#### TASK TO COMPLETE
Would you return exactly the lines below from the line with "Вести своим примером" through the line with "对于选择自驾返乡的朋友们来说", both included, and nothing else, leaving out the pictures?

(RECORDS FOR THE TASK begins)

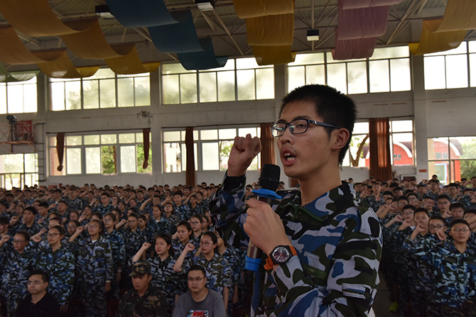 六中队吴争同学代表发言,她说虽然走出空调房不易,但担大任必须有强健的体魄,军训使肉体痛苦的同时,会带来坚强的意志。她代表全体同学承诺:一切行动听指挥,努力完成规定任务,虚心向教官学习,努力学习国防知识,做好内务等工作。
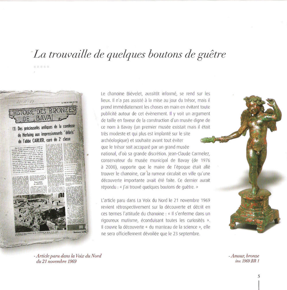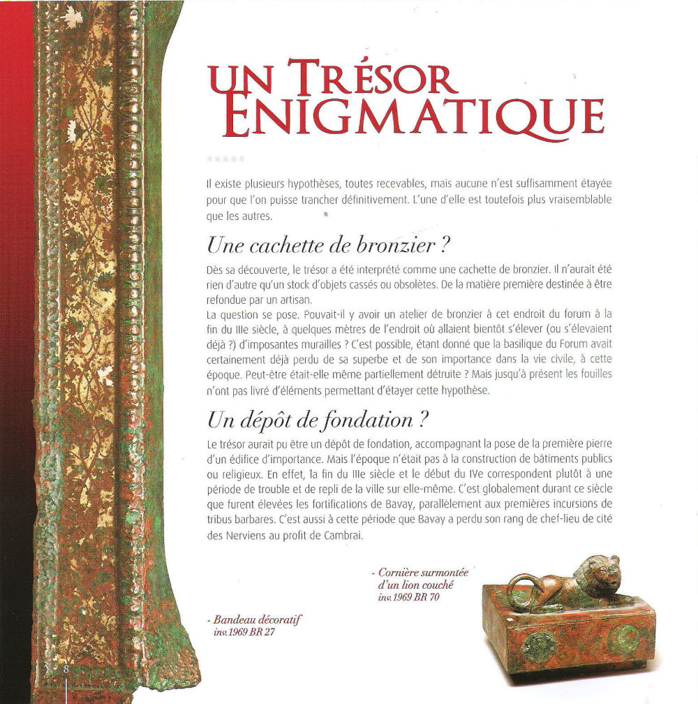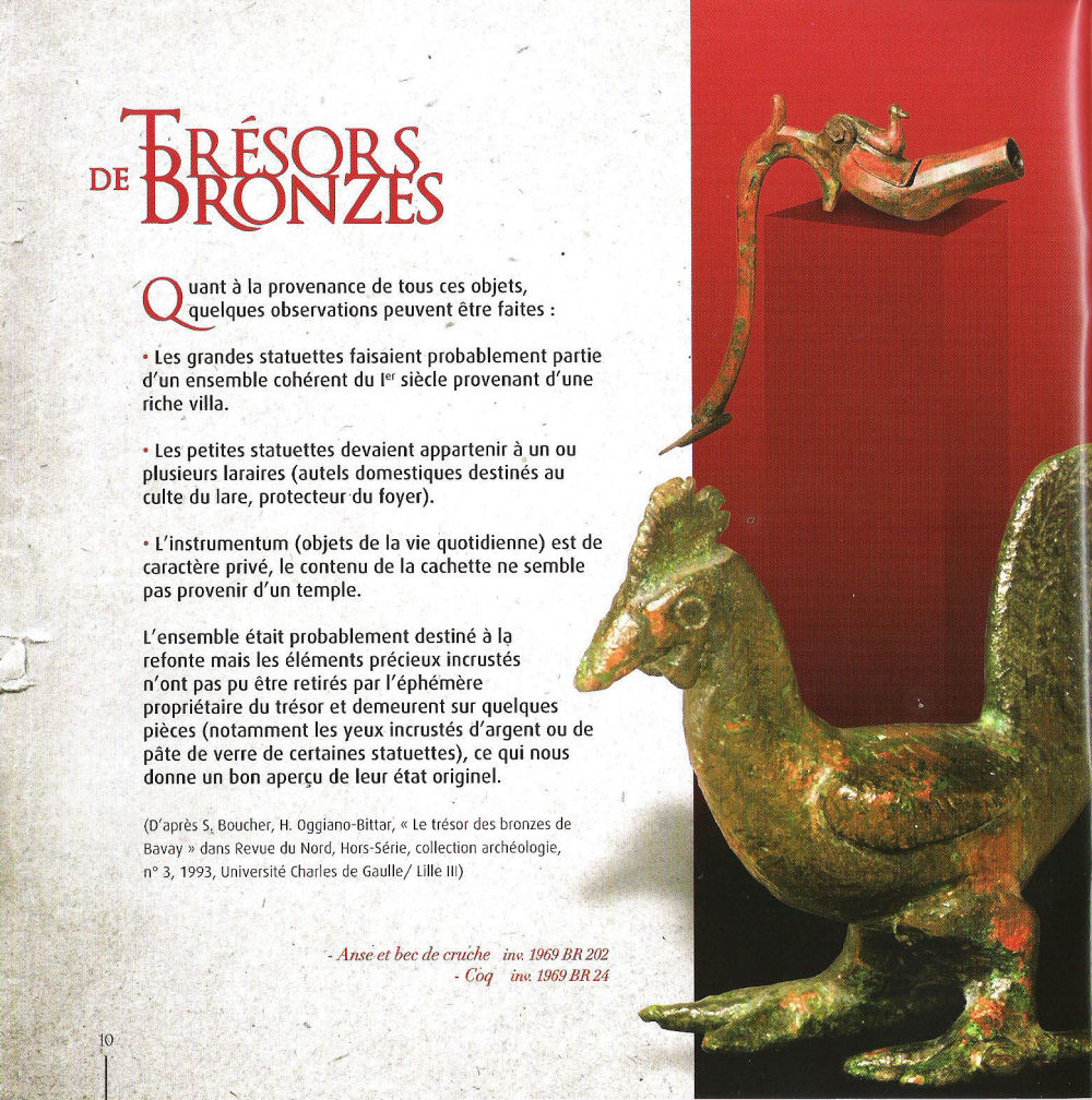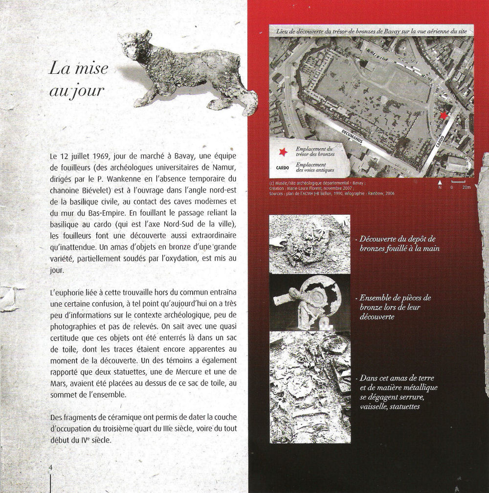 Le parcours de l'exposition Trésors de Bronzes vous invite à percer le secret des bronzes de Bavay. D'où viennent ces trésors ? Comment ont-ils été constitués ? Pourquoi ont-ils été cachés à cet endroit ? Comment les a-t-on découverts ? Quelle est leur signification ? Quels sont les secrets de ces richesses enfouies dans le sol ?...
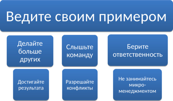 Вести своим примером в том числе означает, что вы не должны бояться «грязной работы». Если у команды где-то проблема, вам надо самому засучить рукава и действовать. Даже если надо делать вещи, которые вам несвойственны или неприятны. Один из руководителей рассказывал, что если он видел, что что-то не получалось, то он садился сам и разбирал каждый процесс на «винтики», чтобы понять, что не работает.
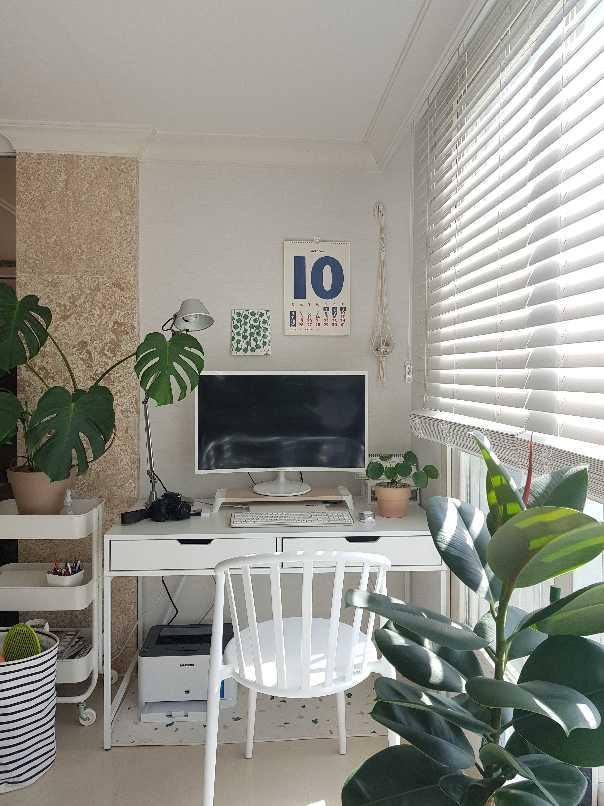 거실한켠에 저의 책상을두었어요. 엄마에게도 공간이 필요해요. 컴퓨터도하고 커피도 마시고 반려식물도 두었어요.
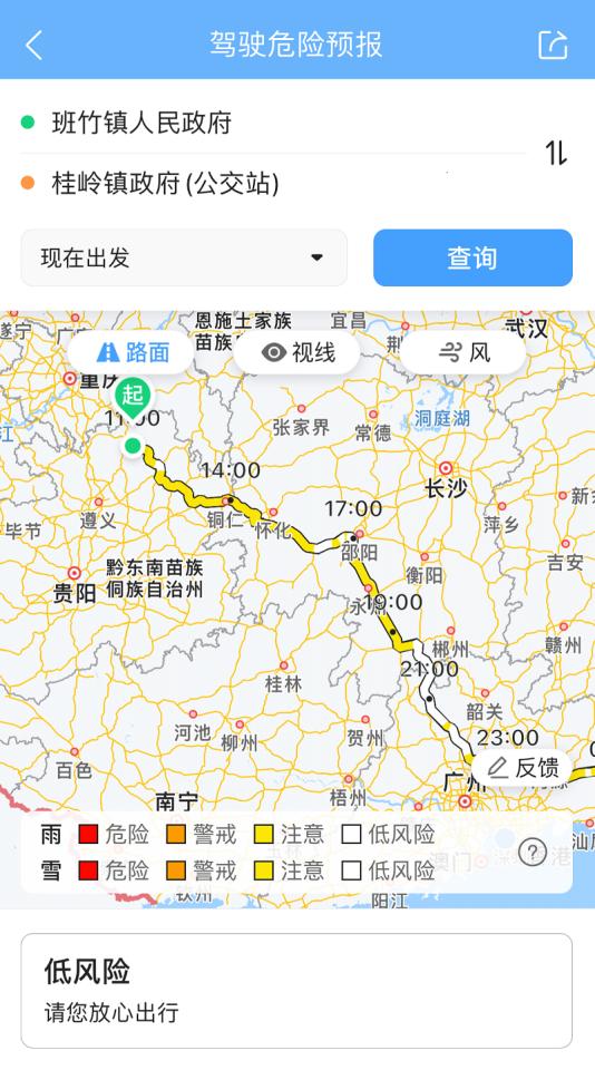 对于选择自驾返乡的朋友们来说,雨雪天气也要绷紧安全弦。在雨雪天气中行车,路面湿滑是最大的安全隐患。因此,建议大家在出发前检查车况,确保轮胎、刹车等关键部件的工作正常。墨迹天气驾驶危险预报,可根据起点和终点实时监测气象数据分析路面、视线、风力等情况,提示大家合理调整路线。
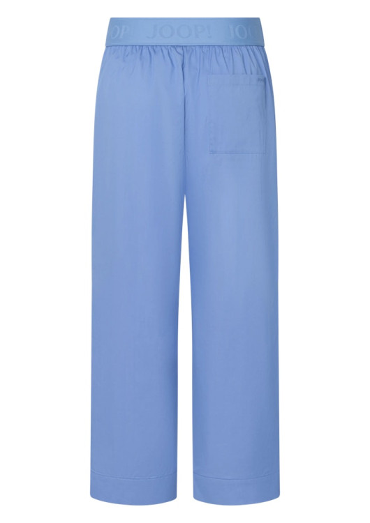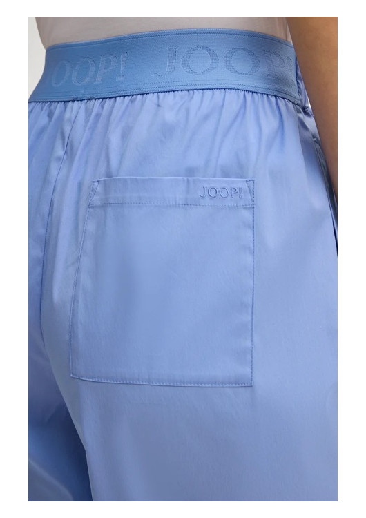 Hlavním designovým prvkem je propracovaný pas. Vpředu je řešen minimalisticky se stahovací šňůrkou, zatímco zadní část tvoří široká elastická guma s výrazným vytkávaným nápisem JOOP!, který kalhotám dodává sportovně-elegantní charakter. Na zadní straně nechybí jedna nakládaná kapsa zdobená jemnou výšivkou loga.

(RECORDS FOR THE TASK ends)

#### THE ANSWER
 Вести своим примером в том числе означает, что вы не должны бояться «грязной работы». Если у команды где-то проблема, вам надо самому засучить рукава и действовать. Даже если надо делать вещи, которые вам несвойственны или неприятны. Один из руководителей рассказывал, что если он видел, что что-то не получалось, то он садился сам и разбирал каждый процесс на «винтики», чтобы понять, что не работает.
 거실한켠에 저의 책상을두었어요. 엄마에게도 공간이 필요해요. 컴퓨터도하고 커피도 마시고 반려식물도 두었어요.
 对于选择自驾返乡的朋友们来说,雨雪天气也要绷紧安全弦。在雨雪天气中行车,路面湿滑是最大的安全隐患。因此,建议大家在出发前检查车况,确保轮胎、刹车等关键部件的工作正常。墨迹天气驾驶危险预报,可根据起点和终点实时监测气象数据分析路面、视线、风力等情况,提示大家合理调整路线。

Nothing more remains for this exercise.